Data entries
• • • • •

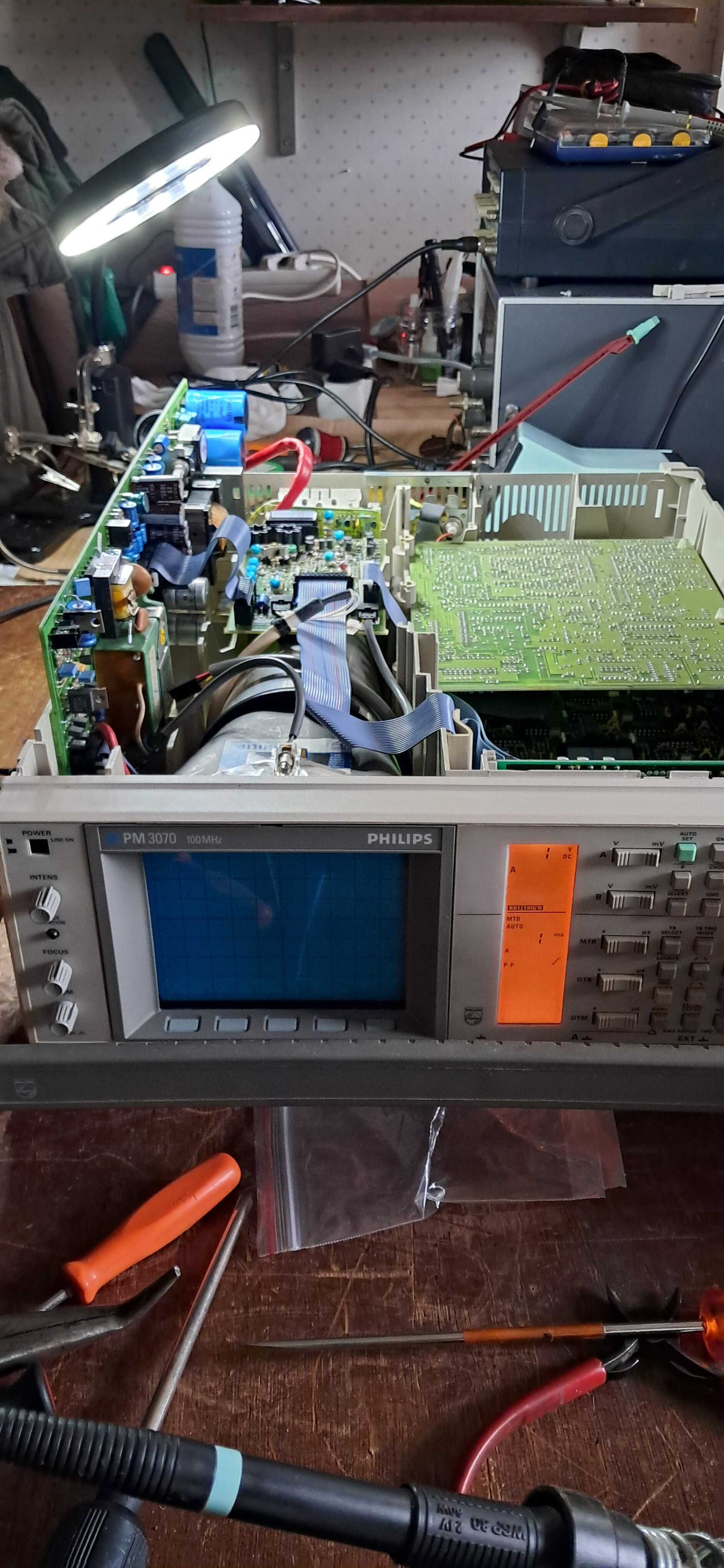 Ayant besoin d’un bon oscillo pour effectuer des réglages FI sur mon Saba Freiburg 125, j’ai ouvert mon PM 3070 qui ne donne plus aucun signe de vie depuis la dernière fois que j’ai voulu m’en servir, il y a environ 1 mois.
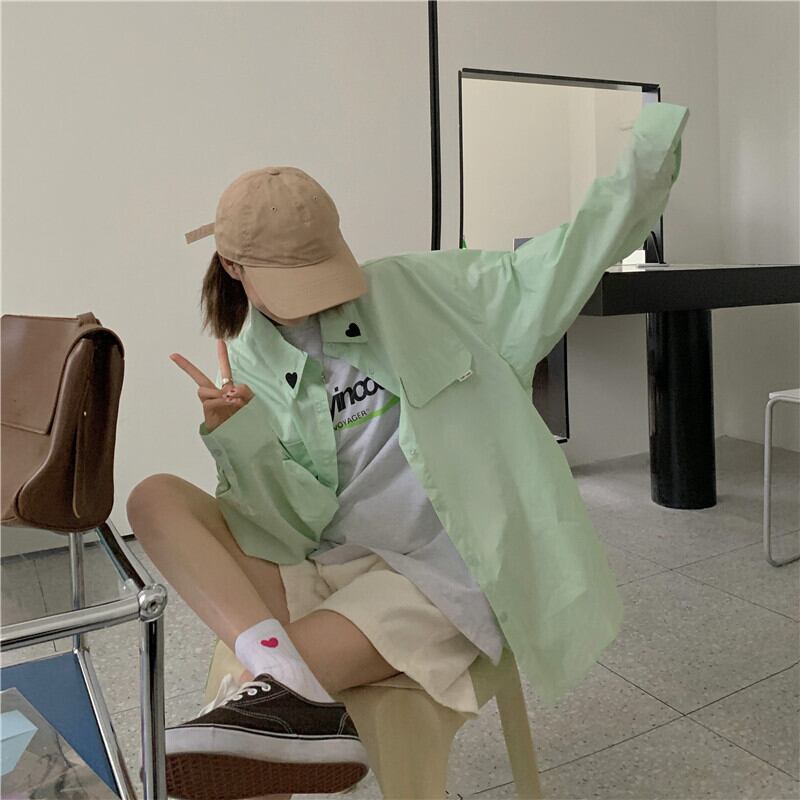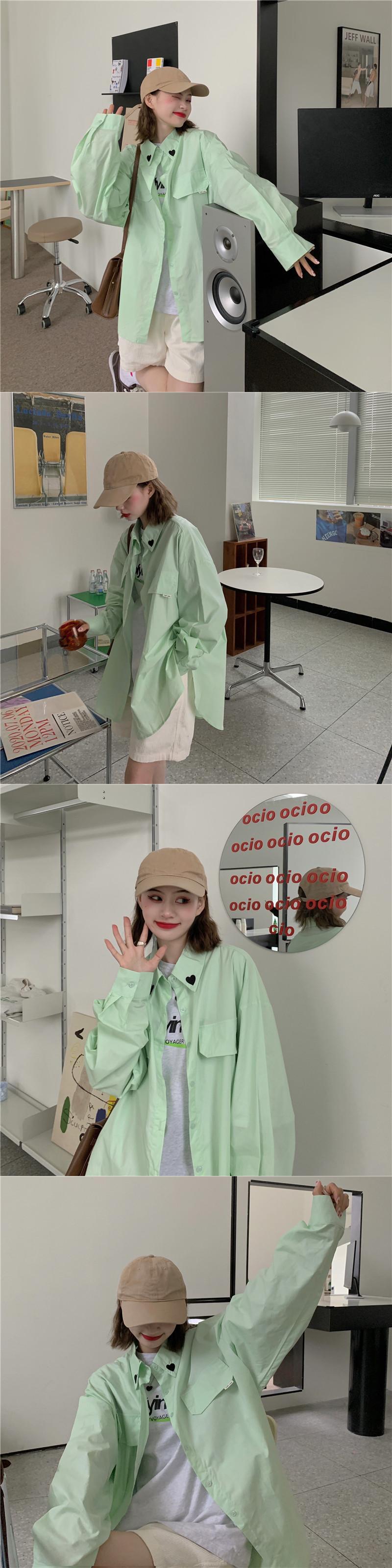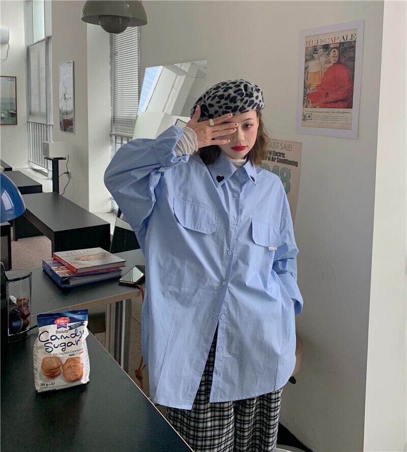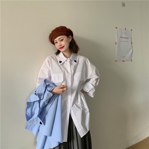 シャツ オータム刺繍ルーズカジュアルソリッド カラー ロング 秋物 ソリッドカラー クレセントシティ36253009672
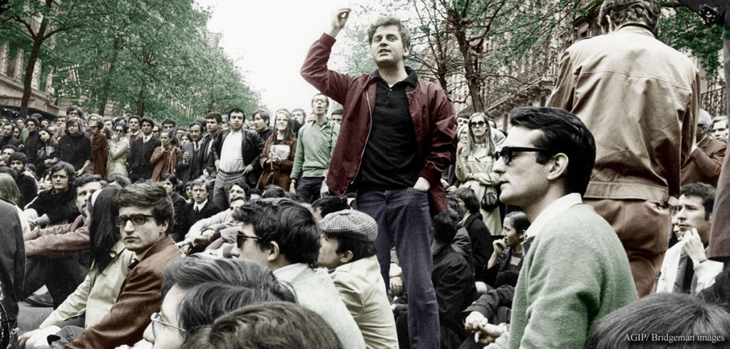 XRA1644703 Daniel Cohn-Bendit during A Demonstration For Student Protest on May 9, 1968 in Paris (photo); (add.info.: Daniel Cohn-Bendit (dit Dany le Rouge) un des leaders des mouvements etudiants icilors d’une manifestation le 9 mai 68 a Paris — Daniel Cohn-Bendit during a demonstration for student protest on may 9, 1968 in Paris colourized document); Photo © AGIP; RESTRICTIONS MAY APPLY FOR NON-EDITORIAL USE – PLEASE CONTACT US; out of copyright
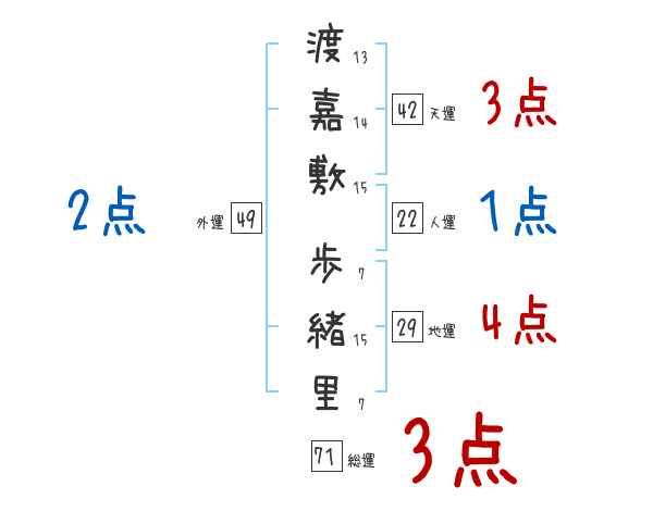 渡嘉敷歩緒里さんの画数の鑑定結果
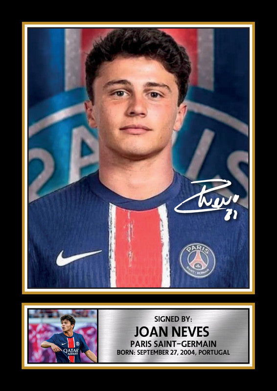 • João Neves Autograph Print – Features a digitally reproduced signature of the Benfica & Portugal rising star.
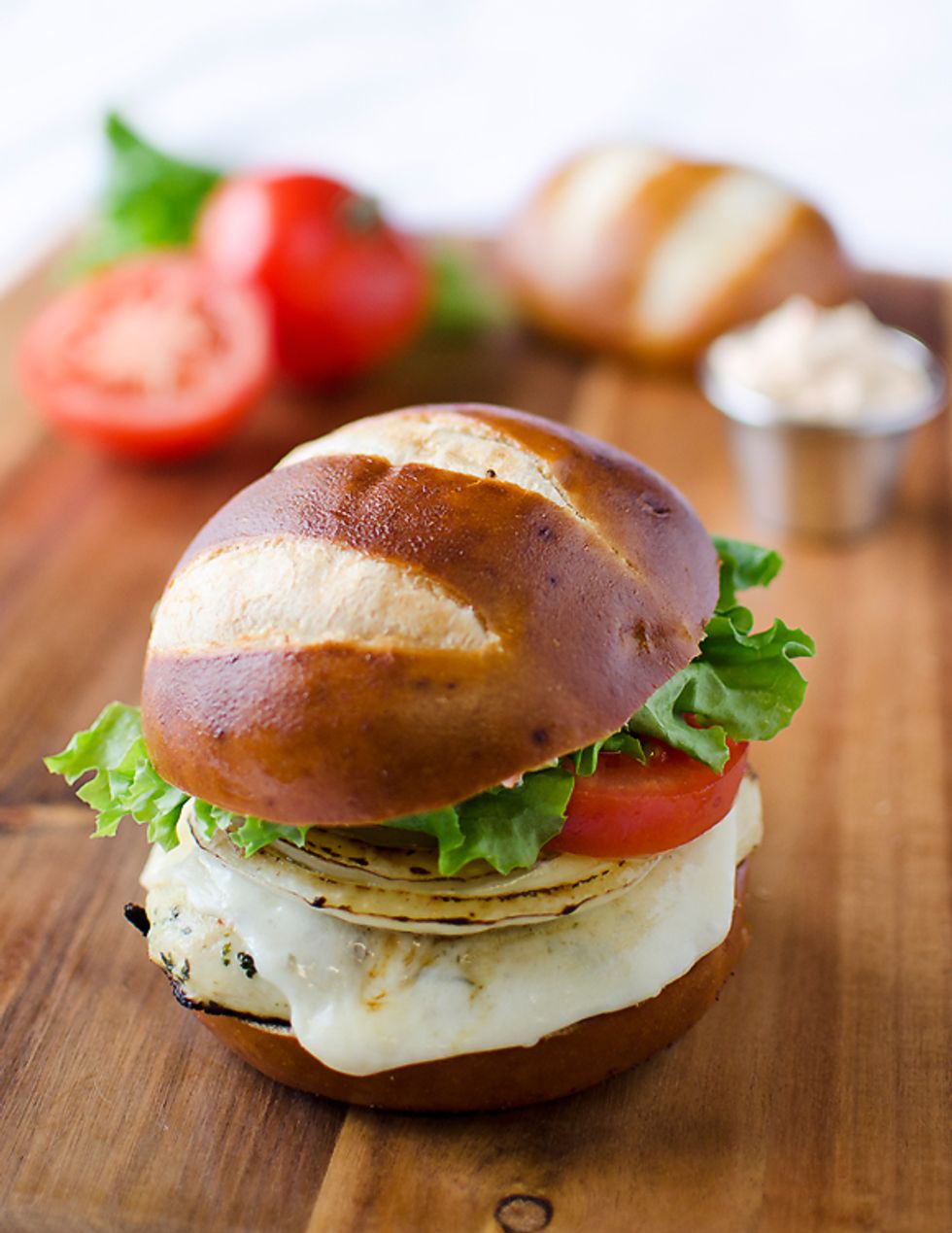 This sandwich is a great combination of creamy roasted red pepper spread, melted provolone cheese, tomatoes, grilled onions and chicken all atop a moist, chewy pretzel bun.
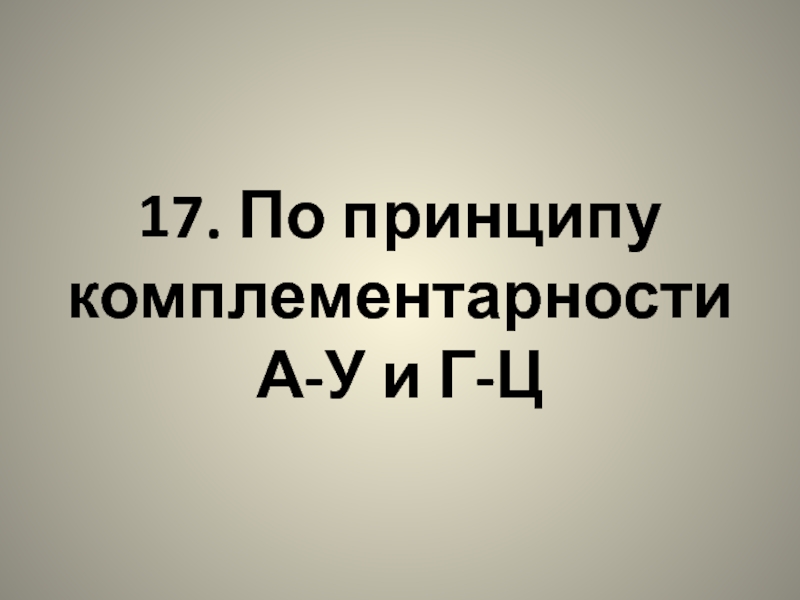 Слайд 1917. По принципу комплементарности А-У и Г-Ц
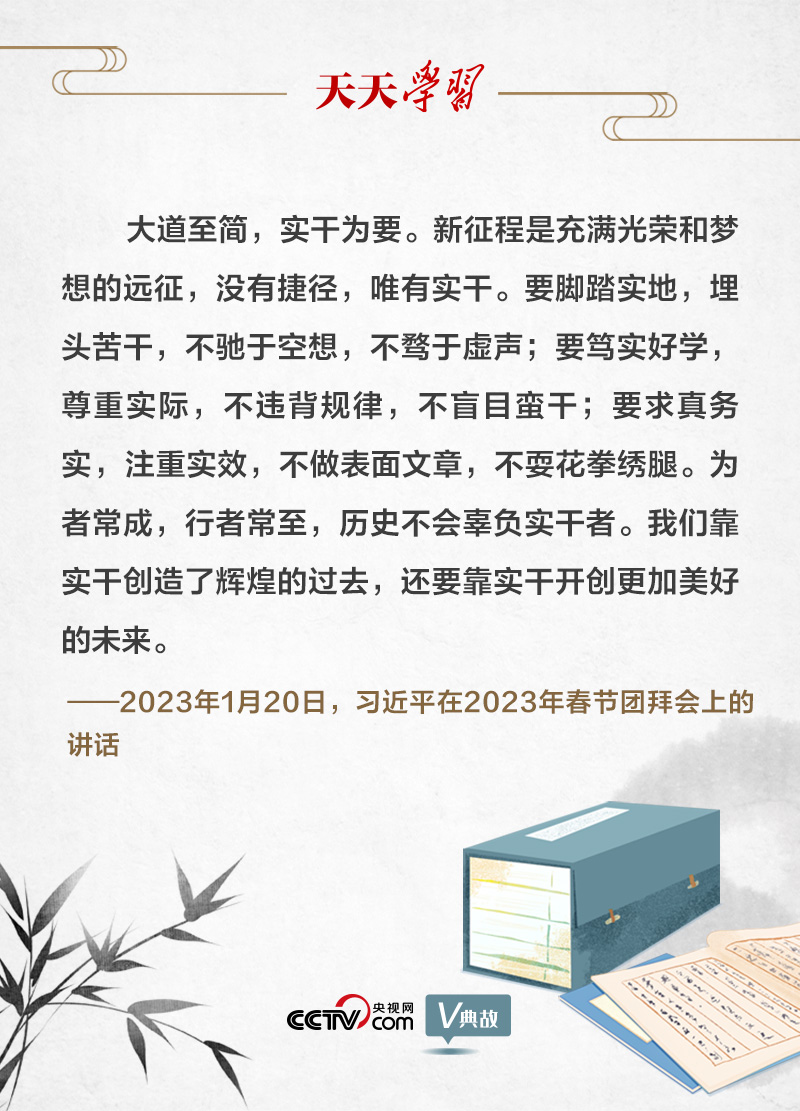 /天天學習/ 1月20日舉行的2023年春節(jié)團拜會上,習近平總書記指出,新征程是充滿光榮和夢想的遠征,沒有捷徑,唯有實干。他引用古語“為者常成,行者常至”,發(fā)出新春號召:歷史不會辜負實干者。我們靠實干創(chuàng)造了輝煌的過去,還要靠實干開創(chuàng)更加美好的未來。
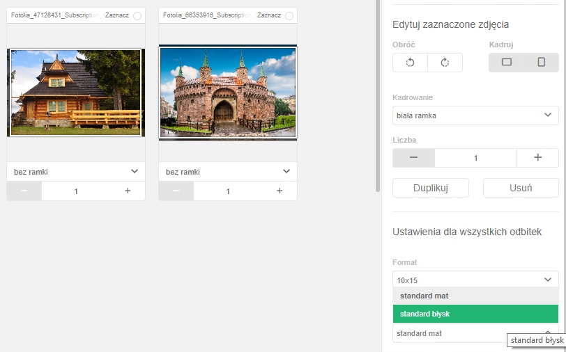 3. Запустіть онлайн-програму, додайте фотографії, виберіть папір, формат і ефекти
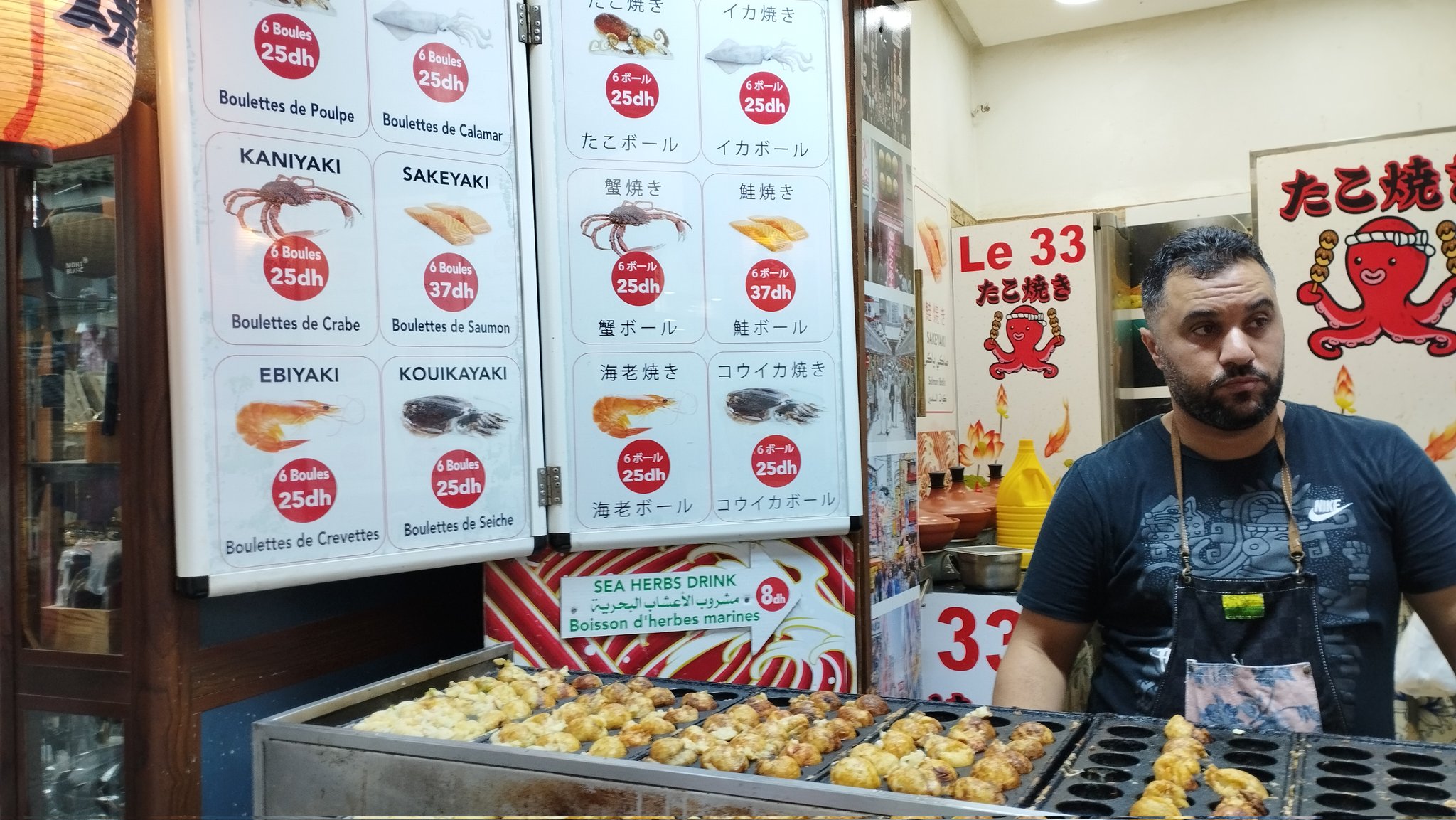まさかのたこ焼き屋発見。日本で売られてるタコも多くはモロッコ産だから、本場といえば本場。たこ焼きを注文したら、「Today no たこ焼き, only エビ焼き and いか焼き」と言われた。モロッコでまさかのエビ焼き体験となった。 https://t.co/wGTcFoScZj

• • • • •

Exercise aim » Please print all of the records above exactly, omitting each picture.

Task output »
 Ayant besoin d’un bon oscillo pour effectuer des réglages FI sur mon Saba Freiburg 125, j’ai ouvert mon PM 3070 qui ne donne plus aucun signe de vie depuis la dernière fois que j’ai voulu m’en servir, il y a environ 1 mois.
 シャツ オータム刺繍ルーズカジュアルソリッド カラー ロング 秋物 ソリッドカラー クレセントシティ36253009672
 XRA1644703 Daniel Cohn-Bendit during A Demonstration For Student Protest on May 9, 1968 in Paris (photo); (add.info.: Daniel Cohn-Bendit (dit Dany le Rouge) un des leaders des mouvements etudiants icilors d’une manifestation le 9 mai 68 a Paris — Daniel Cohn-Bendit during a demonstration for student protest on may 9, 1968 in Paris colourized document); Photo © AGIP; RESTRICTIONS MAY APPLY FOR NON-EDITORIAL USE – PLEASE CONTACT US; out of copyright
 渡嘉敷歩緒里さんの画数の鑑定結果
 • João Neves Autograph Print – Features a digitally reproduced signature of the Benfica & Portugal rising star.
 This sandwich is a great combination of creamy roasted red pepper spread, melted provolone cheese, tomatoes, grilled onions and chicken all atop a moist, chewy pretzel bun.
 Слайд 1917. По принципу комплементарности А-У и Г-Ц
 /天天學習/ 1月20日舉行的2023年春節(jié)團拜會上,習近平總書記指出,新征程是充滿光榮和夢想的遠征,沒有捷徑,唯有實干。他引用古語“為者常成,行者常至”,發(fā)出新春號召:歷史不會辜負實干者。我們靠實干創(chuàng)造了輝煌的過去,還要靠實干開創(chuàng)更加美好的未來。
 3. Запустіть онлайн-програму, додайте фотографії, виберіть папір, формат і ефекти
まさかのたこ焼き屋発見。日本で売られてるタコも多くはモロッコ産だから、本場といえば本場。たこ焼きを注文したら、「Today no たこ焼き, only エビ焼き and いか焼き」と言われた。モロッコでまさかのエビ焼き体験となった。 https://t.co/wGTcFoScZj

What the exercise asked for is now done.